■ BRIEF:
Give a verbatim copy of the data, leaving the pictures out.

■ EXERCISE DATA:
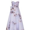 The Hypnotic Picnic Dress in Lilac Poppy from our Fall 2025 Collection, Hypnotic. A silk linen midi dress featuring a sweetheart neckline, a structured bustier bodice and a full flared skirt.structured bodice with boning and underwire, adjustable straps for versatile fit, removable rouleau belt with flower trim, shirred back with invisible zip closure, flared skirt, side seam pockets
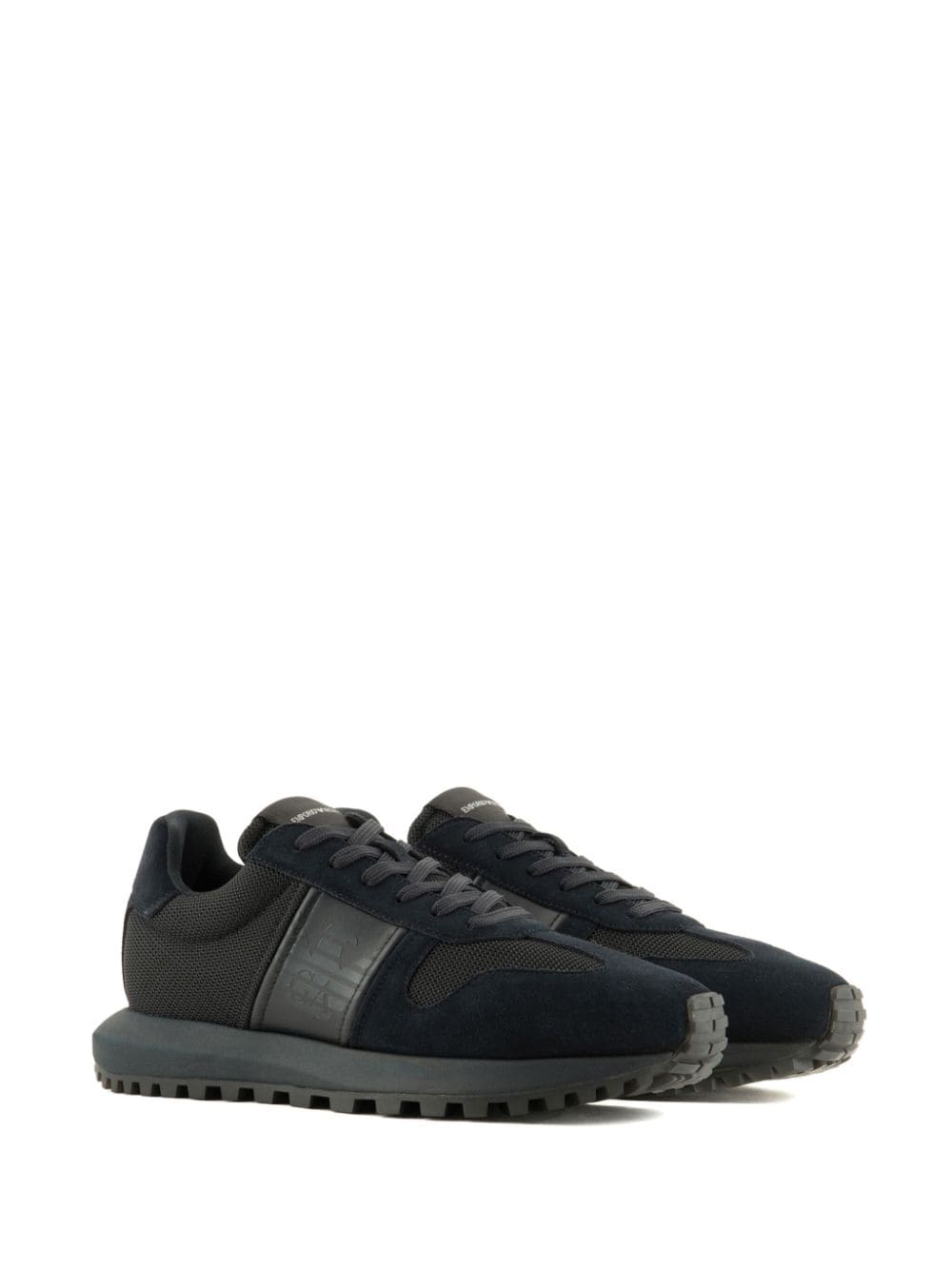 Step up your sneaker game with these stylish kicks featuring a sleek black panelled design, cool mesh detailing, and a bold logo print on the side. Complete with a logo patch at the tongue, round toe, front lace-up fastening, and a ridged rubber sole, these sneakers are the perfect combination of fashion and function.
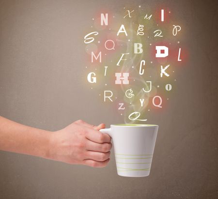 Coffee cup with colorful letters, close up
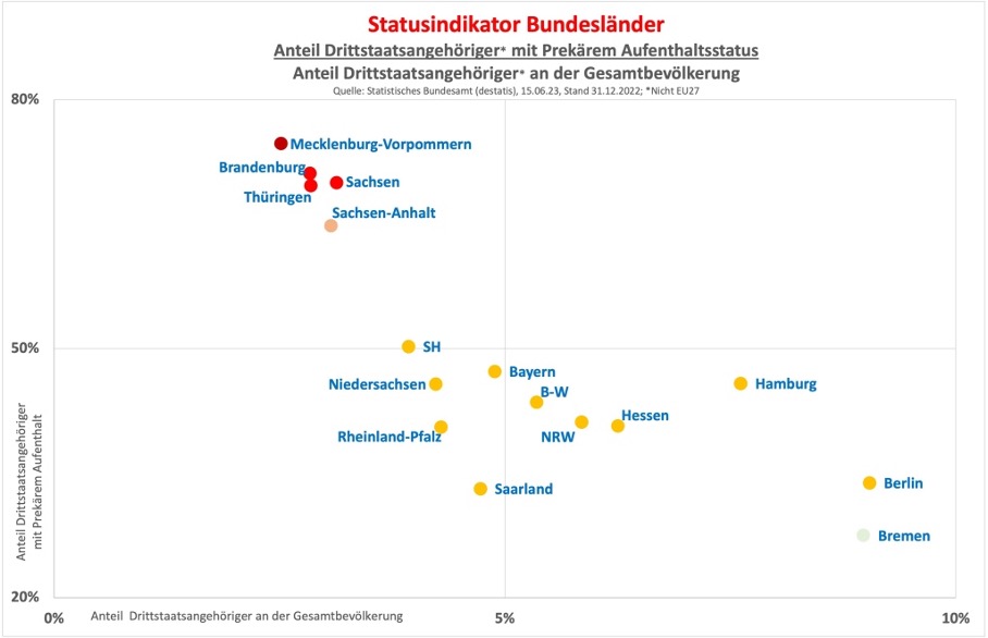 Die Analyse der Ausländerstatistik belegt, dass Drittstaatsangehörige in der Gesamtbevölkerung der Bundesländer sehr ungleich verteilt sind. Im Osten fällt der Anteil mit 2,5-3,1% deutlich kleiner aus als in Ländern der alten Bundesrepublik, während gleichzeitig deutlich weniger Zugewanderte aus Drittstaaten zumindest über einen befristeten Aufenthaltstitel verfügen. Die niedrige Bevölkerungsquote in den östlichen Flächenländern geht bei gleicher Gesetzesgrundlage des Aufenthaltsrechts und Zuständigkeit der kommunalen Ausländerbehörden nicht etwa mit einer schnelleren Bearbeitung von Anträgen oder auch mehr Rückführungen einher.

■ SOLUTION FOR THIS TASK:
 The Hypnotic Picnic Dress in Lilac Poppy from our Fall 2025 Collection, Hypnotic. A silk linen midi dress featuring a sweetheart neckline, a structured bustier bodice and a full flared skirt.structured bodice with boning and underwire, adjustable straps for versatile fit, removable rouleau belt with flower trim, shirred back with invisible zip closure, flared skirt, side seam pockets
 Step up your sneaker game with these stylish kicks featuring a sleek black panelled design, cool mesh detailing, and a bold logo print on the side. Complete with a logo patch at the tongue, round toe, front lace-up fastening, and a ridged rubber sole, these sneakers are the perfect combination of fashion and function.
 Coffee cup with colorful letters, close up
 Die Analyse der Ausländerstatistik belegt, dass Drittstaatsangehörige in der Gesamtbevölkerung der Bundesländer sehr ungleich verteilt sind. Im Osten fällt der Anteil mit 2,5-3,1% deutlich kleiner aus als in Ländern der alten Bundesrepublik, während gleichzeitig deutlich weniger Zugewanderte aus Drittstaaten zumindest über einen befristeten Aufenthaltstitel verfügen. Die niedrige Bevölkerungsquote in den östlichen Flächenländern geht bei gleicher Gesetzesgrundlage des Aufenthaltsrechts und Zuständigkeit der kommunalen Ausländerbehörden nicht etwa mit einer schnelleren Bearbeitung von Anträgen oder auch mehr Rückführungen einher.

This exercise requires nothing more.